What you output must match the entries exactly, apart from the pictures, which are left out.

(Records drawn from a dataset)
::::::

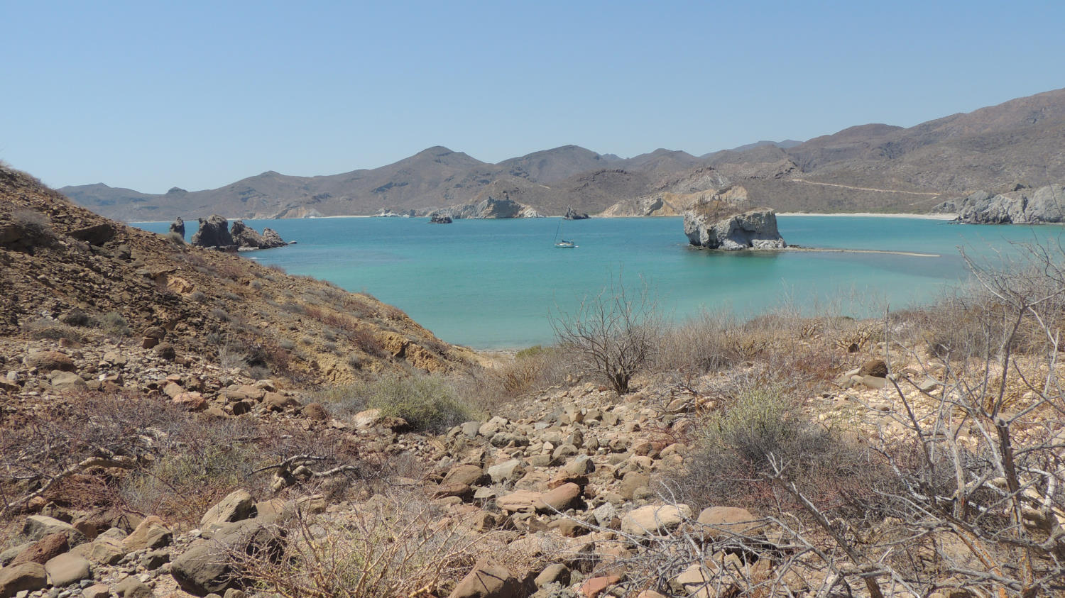 We pretty much sailed off the anchor, and after 30 minutes the wind filled in nicely, so we enjoyed a spirited beam reach up to San Juanico. The fishing improved, and, to our astonishment, we caught two striped bonito, and kept one. San Juanico is a large bay and the north part is particularly pretty with anchorage possible amongst some dramatic pinnacle rocks, however, we had experienced fairly healthy southerlies over the last few evenings and chose the less attractive, but better protected south end, along with three other boats already there including Totem. We had a chat with Jamie from Totem on the VHF and agreed to meet the next morning.
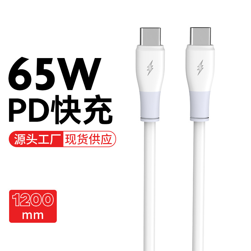 Kabel pengisi daya ponsel pengisian cepat 65W, kabel data Tipe-c jantan ke jantan, cocok untuk ponsel Huawei dan komputer, kabel pengisian cepat
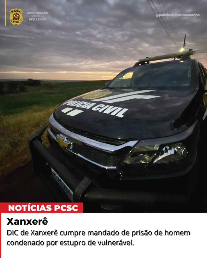 De acordo com a Polícia Civil, a ordem judicial foi expedida pela Vara Criminal da Comarca de Xanxerê, com base em sentença condenatória já transitada em julgado, ou seja, sem possibilidade de recurso. O crime está previsto no artigo 217-A do Código Penal. O homem ainda tem 14 anos, 4 meses e 24 dias de pena a cumprir.
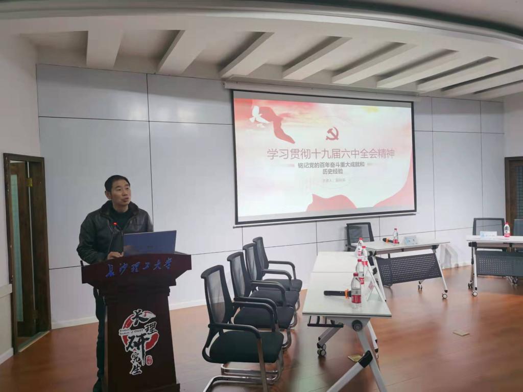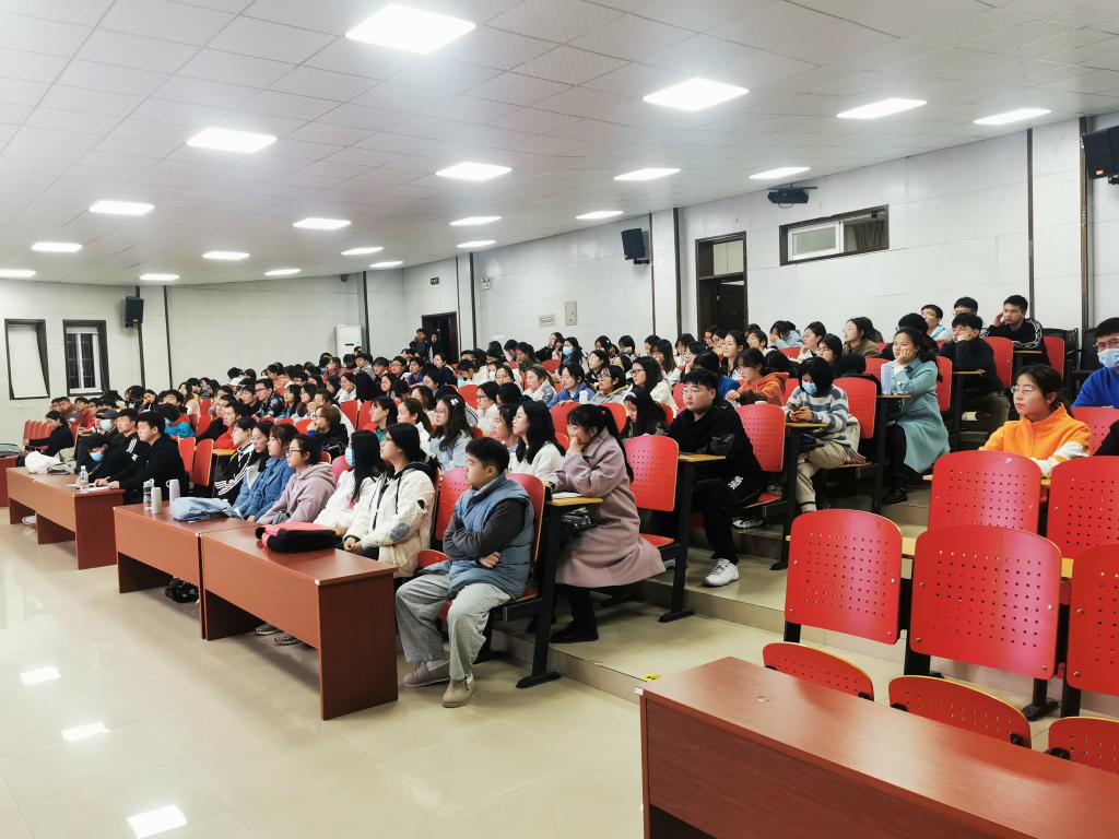 法学院分别于11月23日晚在金盆岭校区12教200报告厅召开2021级本科生大会、于11月25日晚在云塘校区文科楼一楼园厅报告厅召开其他各年级本科生大会,党总支书记田兴洪为法学院全体本科生宣讲党的十九届六中全会精神,党总支副书记汪功伟主持大会。
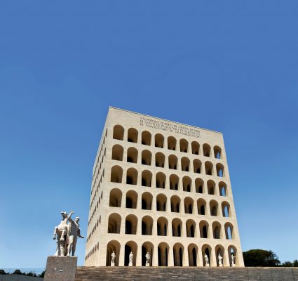 Это здание, построенное в 1939 году архитекторами Джованни Гверрини, Эрнесто Бруно Ла Падулой и Марио Романо для Всемирной выставки 1942 года, получило прозвище Квадратный Колизей и стало одним из символов воскрешения античных вкусов при тоталитарном режиме Муссолини. Однако искусствоведы видят в нем и другие подтексты. Историк архитектуры Генри-Рассел Хичкок утверждал, что в этом здании очевидна «навязчивая сила де Кирико, подобная чему-то из сна». Действительно, сходство Квадратного Колизея с пейзажами Джорджо де Кирико, особенно 1911-1914 годов, несомненно: это не привычная нам «реалистичная» античность, а метафизическое сноведение, ирреальный мир. При взгляде на это римское здание возникает странное чувство дезориентации: это достигается его гигантскими объемами, пропорциями, отсутствием детализации, наличием фальш-деталей, которые кажутся настоящими, но наше подсознание отмечает их ненормальность, а также эффектами резкого контрастного освещения.
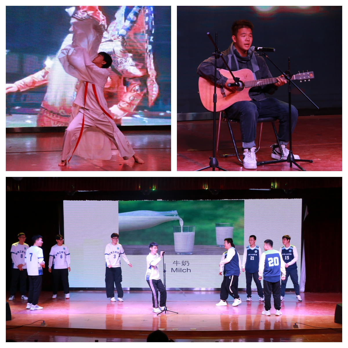 11月10日,在逸夫楼音乐厅举行中德文化交流会,200余名中德合作办学学生参加了活动。交流会上,汉语德语节目交替演出,形式多样,精彩纷呈。德语歌曲、德语朗诵、德语情景剧、德语猜谜等节目,让德国嘉宾见证了中德班同学扎实的德语基础和多才多艺的综合能力。在茶艺文化环节中,茶艺表演者以缠绵起伏、行云流水的动作,完美展现了中国茶艺的精湛技艺,让德国嘉宾亲身体验到了中国茶文化的独特魅力。在包饺子互动环节,机电工程学院党委书记郭洪生亲自为德国嘉宾示范,既让嘉宾体验了中国传统美食包饺子的过程,又加深了对中国饮食文化的了解,增进了中德之间的友谊。

::::::

▶ [Final answer]
 We pretty much sailed off the anchor, and after 30 minutes the wind filled in nicely, so we enjoyed a spirited beam reach up to San Juanico. The fishing improved, and, to our astonishment, we caught two striped bonito, and kept one. San Juanico is a large bay and the north part is particularly pretty with anchorage possible amongst some dramatic pinnacle rocks, however, we had experienced fairly healthy southerlies over the last few evenings and chose the less attractive, but better protected south end, along with three other boats already there including Totem. We had a chat with Jamie from Totem on the VHF and agreed to meet the next morning.
 Kabel pengisi daya ponsel pengisian cepat 65W, kabel data Tipe-c jantan ke jantan, cocok untuk ponsel Huawei dan komputer, kabel pengisian cepat
 De acordo com a Polícia Civil, a ordem judicial foi expedida pela Vara Criminal da Comarca de Xanxerê, com base em sentença condenatória já transitada em julgado, ou seja, sem possibilidade de recurso. O crime está previsto no artigo 217-A do Código Penal. O homem ainda tem 14 anos, 4 meses e 24 dias de pena a cumprir.
 法学院分别于11月23日晚在金盆岭校区12教200报告厅召开2021级本科生大会、于11月25日晚在云塘校区文科楼一楼园厅报告厅召开其他各年级本科生大会,党总支书记田兴洪为法学院全体本科生宣讲党的十九届六中全会精神,党总支副书记汪功伟主持大会。
 Это здание, построенное в 1939 году архитекторами Джованни Гверрини, Эрнесто Бруно Ла Падулой и Марио Романо для Всемирной выставки 1942 года, получило прозвище Квадратный Колизей и стало одним из символов воскрешения античных вкусов при тоталитарном режиме Муссолини. Однако искусствоведы видят в нем и другие подтексты. Историк архитектуры Генри-Рассел Хичкок утверждал, что в этом здании очевидна «навязчивая сила де Кирико, подобная чему-то из сна». Действительно, сходство Квадратного Колизея с пейзажами Джорджо де Кирико, особенно 1911-1914 годов, несомненно: это не привычная нам «реалистичная» античность, а метафизическое сноведение, ирреальный мир. При взгляде на это римское здание возникает странное чувство дезориентации: это достигается его гигантскими объемами, пропорциями, отсутствием детализации, наличием фальш-деталей, которые кажутся настоящими, но наше подсознание отмечает их ненормальность, а также эффектами резкого контрастного освещения.
 11月10日,在逸夫楼音乐厅举行中德文化交流会,200余名中德合作办学学生参加了活动。交流会上,汉语德语节目交替演出,形式多样,精彩纷呈。德语歌曲、德语朗诵、德语情景剧、德语猜谜等节目,让德国嘉宾见证了中德班同学扎实的德语基础和多才多艺的综合能力。在茶艺文化环节中,茶艺表演者以缠绵起伏、行云流水的动作,完美展现了中国茶艺的精湛技艺,让德国嘉宾亲身体验到了中国茶文化的独特魅力。在包饺子互动环节,机电工程学院党委书记郭洪生亲自为德国嘉宾示范,既让嘉宾体验了中国传统美食包饺子的过程,又加深了对中国饮食文化的了解,增进了中德之间的友谊。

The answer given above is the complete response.